▶ _Exercise goal_
Which lines below fall between the one containing "merupakan deskripsi yang" and the one containing "バリアフリー2017講演会 障害者差別解消法 −共生社会の実現をめざし、"? Repeat them exactly, counting both of those lines, and add nothing else.

Stored records
● ● ● ● ● ● ●

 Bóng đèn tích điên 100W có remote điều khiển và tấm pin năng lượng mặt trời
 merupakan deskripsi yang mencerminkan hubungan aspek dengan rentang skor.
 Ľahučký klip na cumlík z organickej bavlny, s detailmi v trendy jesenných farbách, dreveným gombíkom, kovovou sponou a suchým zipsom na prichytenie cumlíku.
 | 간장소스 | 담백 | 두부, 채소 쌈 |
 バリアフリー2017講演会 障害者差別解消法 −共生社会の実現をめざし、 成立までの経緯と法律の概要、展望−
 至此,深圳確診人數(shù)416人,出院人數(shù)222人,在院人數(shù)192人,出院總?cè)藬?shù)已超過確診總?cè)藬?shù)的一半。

● ● ● ● ● ● ●

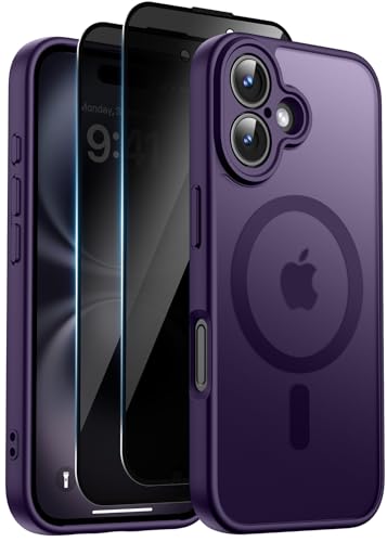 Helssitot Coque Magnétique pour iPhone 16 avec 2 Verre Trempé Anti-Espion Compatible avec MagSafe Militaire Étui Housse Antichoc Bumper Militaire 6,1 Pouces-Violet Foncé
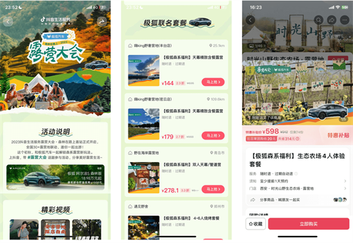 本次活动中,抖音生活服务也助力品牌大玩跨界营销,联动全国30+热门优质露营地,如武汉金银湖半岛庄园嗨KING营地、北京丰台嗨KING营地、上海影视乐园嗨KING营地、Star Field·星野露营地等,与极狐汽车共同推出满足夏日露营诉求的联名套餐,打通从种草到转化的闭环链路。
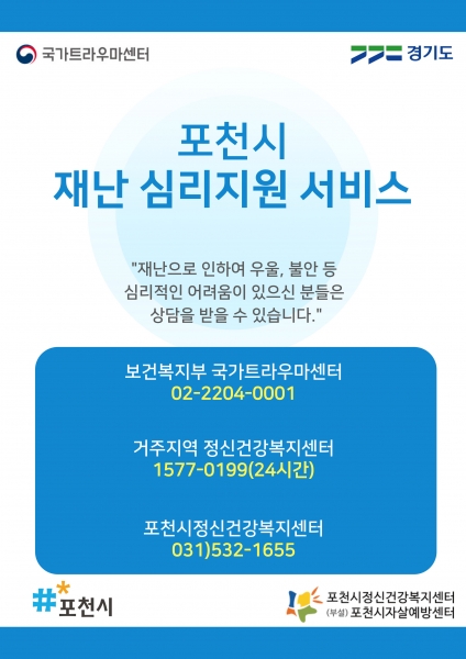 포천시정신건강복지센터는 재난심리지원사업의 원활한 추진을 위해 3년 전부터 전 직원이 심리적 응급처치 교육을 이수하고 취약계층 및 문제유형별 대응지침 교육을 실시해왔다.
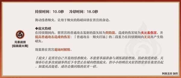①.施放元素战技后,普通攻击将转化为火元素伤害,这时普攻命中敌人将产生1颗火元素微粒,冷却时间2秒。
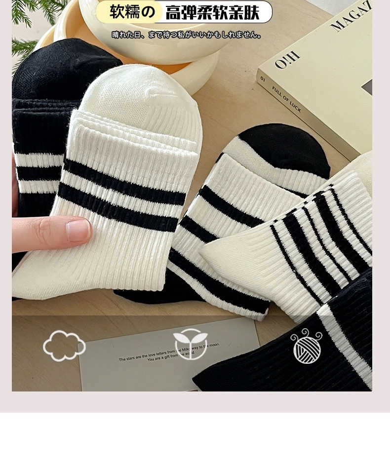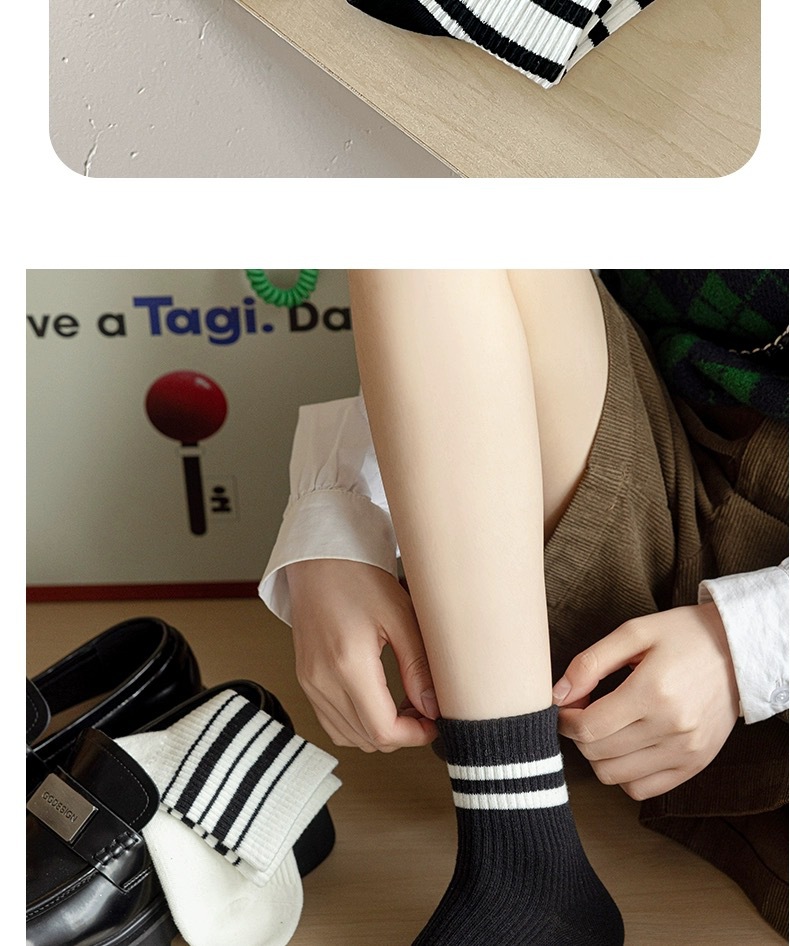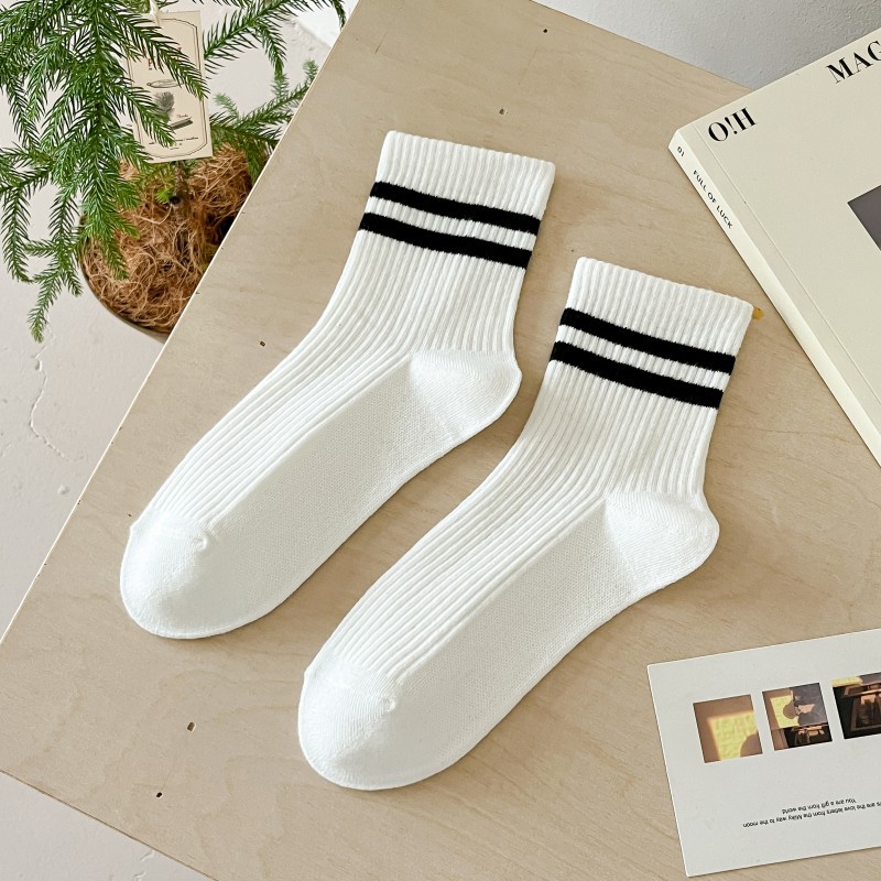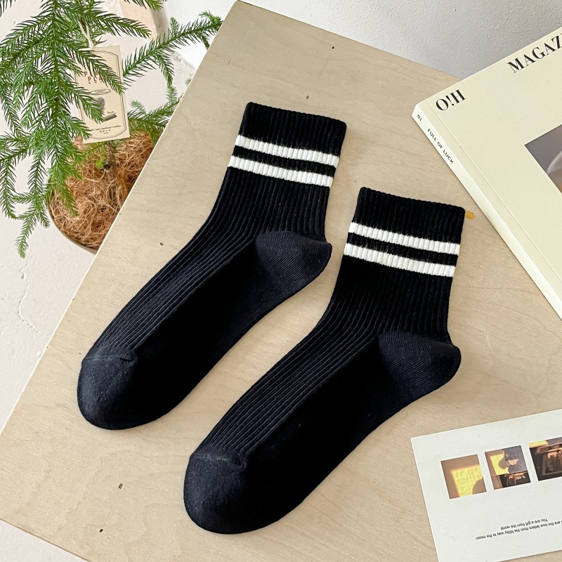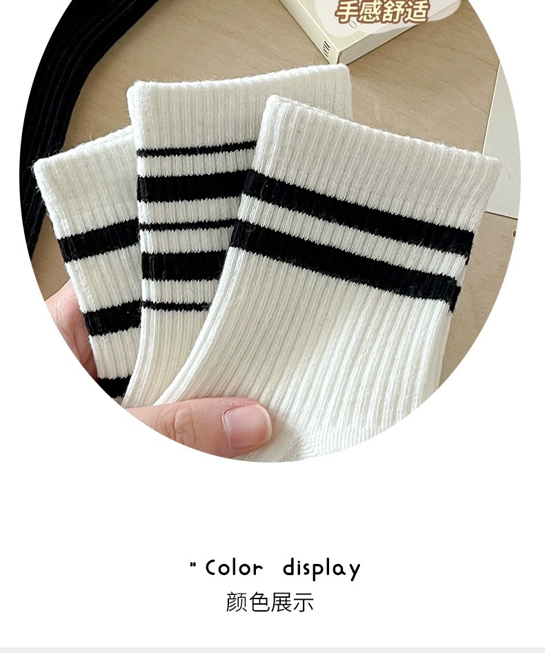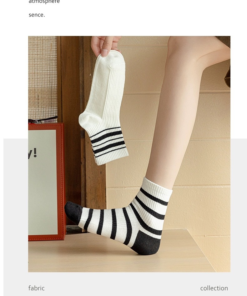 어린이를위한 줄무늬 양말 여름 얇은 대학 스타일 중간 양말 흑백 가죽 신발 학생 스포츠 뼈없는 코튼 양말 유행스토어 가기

● ● ● ● ● ● ●

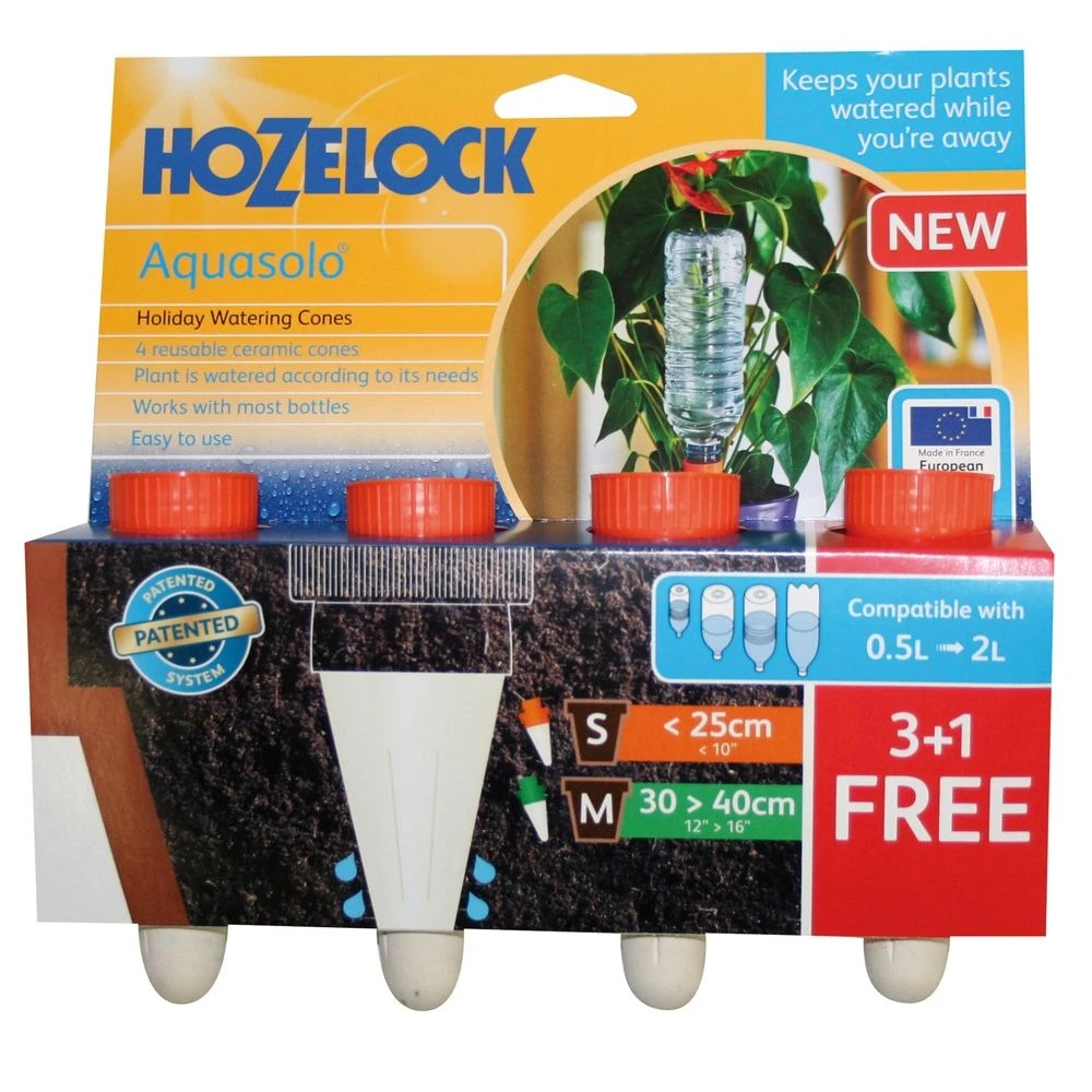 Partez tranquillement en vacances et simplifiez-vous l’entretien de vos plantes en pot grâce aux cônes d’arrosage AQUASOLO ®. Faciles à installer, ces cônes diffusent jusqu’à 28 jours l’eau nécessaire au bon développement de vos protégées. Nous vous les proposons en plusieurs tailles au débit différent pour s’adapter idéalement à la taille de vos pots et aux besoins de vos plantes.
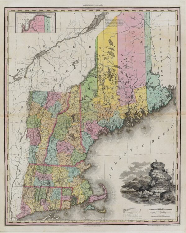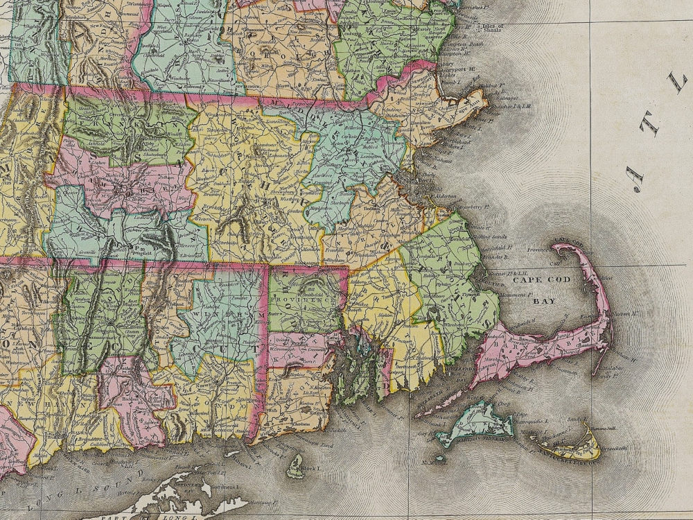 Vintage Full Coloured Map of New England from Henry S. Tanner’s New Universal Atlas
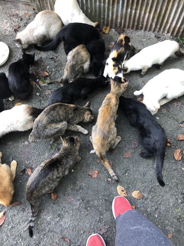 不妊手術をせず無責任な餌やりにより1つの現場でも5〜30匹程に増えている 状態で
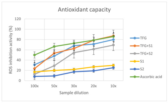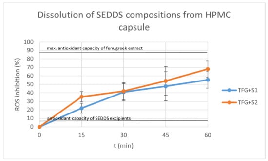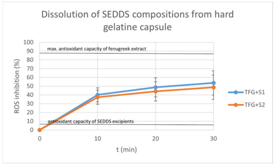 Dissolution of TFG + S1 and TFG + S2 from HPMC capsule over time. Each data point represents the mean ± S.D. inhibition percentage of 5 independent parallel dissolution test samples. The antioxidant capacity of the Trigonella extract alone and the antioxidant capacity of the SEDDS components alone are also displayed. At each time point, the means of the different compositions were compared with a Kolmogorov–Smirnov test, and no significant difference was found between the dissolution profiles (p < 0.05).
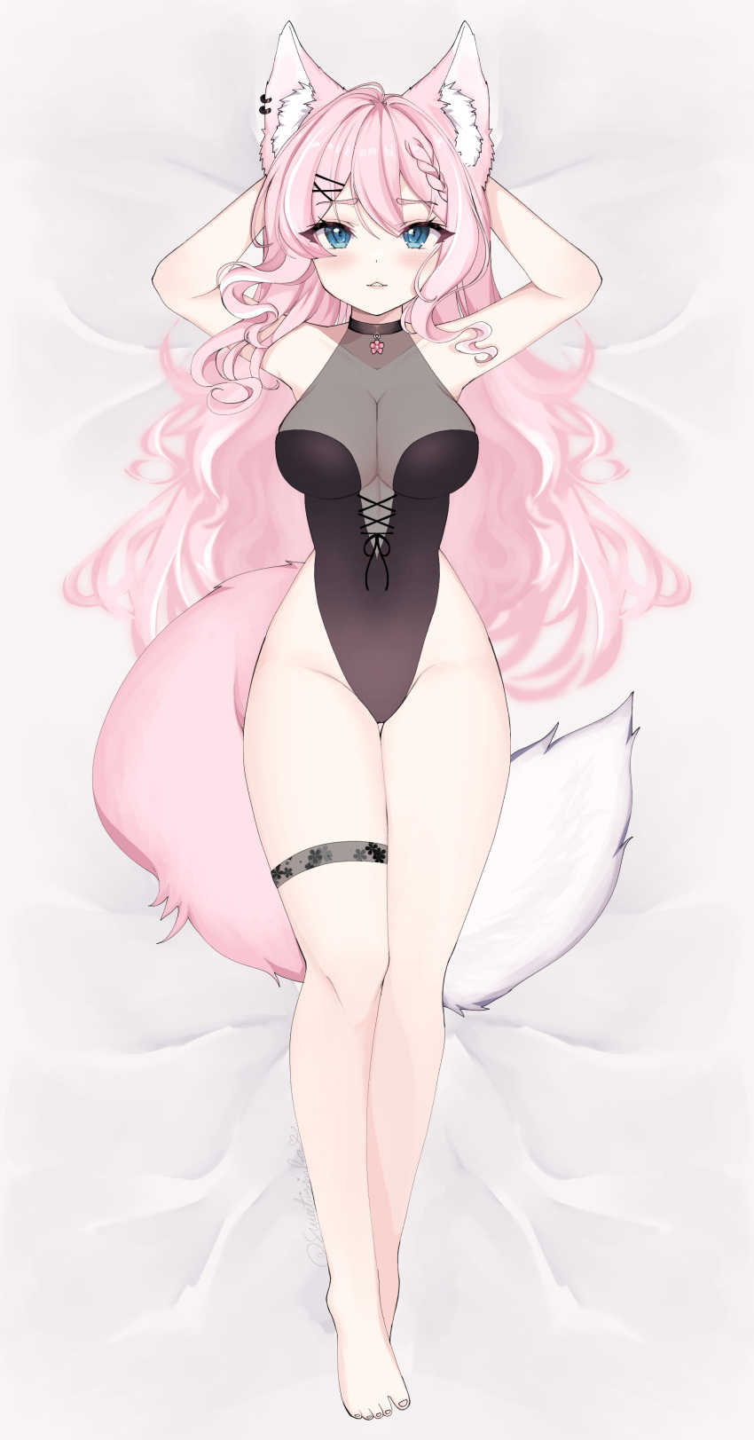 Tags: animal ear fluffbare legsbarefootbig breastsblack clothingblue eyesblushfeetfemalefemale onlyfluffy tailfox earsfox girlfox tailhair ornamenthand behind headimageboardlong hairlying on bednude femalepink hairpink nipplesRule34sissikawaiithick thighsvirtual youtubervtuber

● ● ● ● ● ● ●

▶ _Response area_
 merupakan deskripsi yang mencerminkan hubungan aspek dengan rentang skor.
 Ľahučký klip na cumlík z organickej bavlny, s detailmi v trendy jesenných farbách, dreveným gombíkom, kovovou sponou a suchým zipsom na prichytenie cumlíku.
 | 간장소스 | 담백 | 두부, 채소 쌈 |
 バリアフリー2017講演会 障害者差別解消法 −共生社会の実現をめざし、 成立までの経緯と法律の概要、展望−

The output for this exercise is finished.